* Task statement
The response should consist of the data below, copied exactly, with no pictures in it.

* Data shown
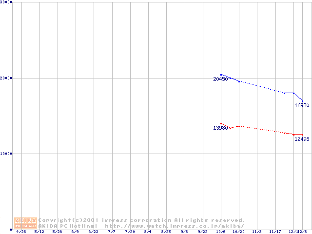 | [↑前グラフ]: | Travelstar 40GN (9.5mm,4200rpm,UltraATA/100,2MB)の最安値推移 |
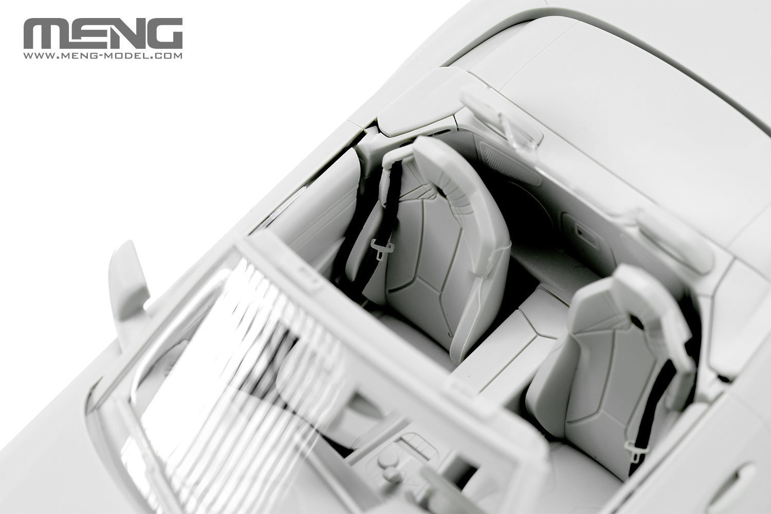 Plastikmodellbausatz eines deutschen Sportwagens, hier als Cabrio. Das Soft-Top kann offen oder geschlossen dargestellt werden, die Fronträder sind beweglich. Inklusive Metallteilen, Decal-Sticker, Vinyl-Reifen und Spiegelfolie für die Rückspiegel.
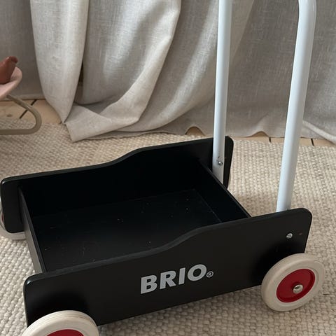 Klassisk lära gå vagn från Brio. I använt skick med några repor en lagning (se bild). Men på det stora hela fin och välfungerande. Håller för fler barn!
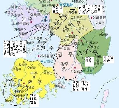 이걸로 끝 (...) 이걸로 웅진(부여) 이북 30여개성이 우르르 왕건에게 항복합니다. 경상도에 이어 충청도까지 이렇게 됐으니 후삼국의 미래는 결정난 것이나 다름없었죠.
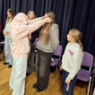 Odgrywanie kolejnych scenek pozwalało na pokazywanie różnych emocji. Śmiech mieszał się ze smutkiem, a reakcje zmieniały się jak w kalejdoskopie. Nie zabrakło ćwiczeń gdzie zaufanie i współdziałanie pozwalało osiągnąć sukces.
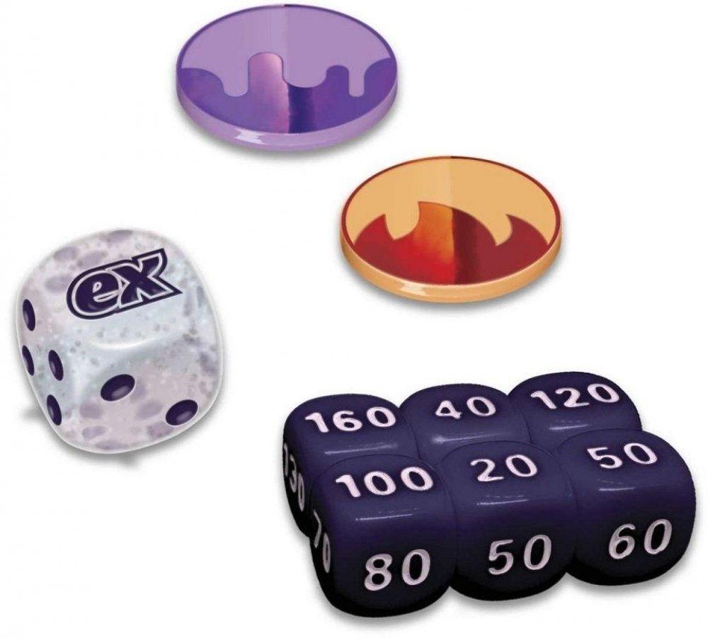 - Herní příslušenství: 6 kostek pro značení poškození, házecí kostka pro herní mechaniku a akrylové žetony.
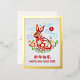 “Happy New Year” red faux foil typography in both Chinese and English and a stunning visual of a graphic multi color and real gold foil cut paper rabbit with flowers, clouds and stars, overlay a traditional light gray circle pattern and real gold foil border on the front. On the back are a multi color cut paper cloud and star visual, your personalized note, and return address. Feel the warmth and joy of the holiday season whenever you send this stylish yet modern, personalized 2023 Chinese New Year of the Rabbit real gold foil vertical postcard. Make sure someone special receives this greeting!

* Exercise response
 | [↑前グラフ]: | Travelstar 40GN (9.5mm,4200rpm,UltraATA/100,2MB)の最安値推移 |
 Plastikmodellbausatz eines deutschen Sportwagens, hier als Cabrio. Das Soft-Top kann offen oder geschlossen dargestellt werden, die Fronträder sind beweglich. Inklusive Metallteilen, Decal-Sticker, Vinyl-Reifen und Spiegelfolie für die Rückspiegel.
 Klassisk lära gå vagn från Brio. I använt skick med några repor en lagning (se bild). Men på det stora hela fin och välfungerande. Håller för fler barn!
 이걸로 끝 (...) 이걸로 웅진(부여) 이북 30여개성이 우르르 왕건에게 항복합니다. 경상도에 이어 충청도까지 이렇게 됐으니 후삼국의 미래는 결정난 것이나 다름없었죠.
 Odgrywanie kolejnych scenek pozwalało na pokazywanie różnych emocji. Śmiech mieszał się ze smutkiem, a reakcje zmieniały się jak w kalejdoskopie. Nie zabrakło ćwiczeń gdzie zaufanie i współdziałanie pozwalało osiągnąć sukces.
 - Herní příslušenství: 6 kostek pro značení poškození, házecí kostka pro herní mechaniku a akrylové žetony.
 “Happy New Year” red faux foil typography in both Chinese and English and a stunning visual of a graphic multi color and real gold foil cut paper rabbit with flowers, clouds and stars, overlay a traditional light gray circle pattern and real gold foil border on the front. On the back are a multi color cut paper cloud and star visual, your personalized note, and return address. Feel the warmth and joy of the holiday season whenever you send this stylish yet modern, personalized 2023 Chinese New Year of the Rabbit real gold foil vertical postcard. Make sure someone special receives this greeting!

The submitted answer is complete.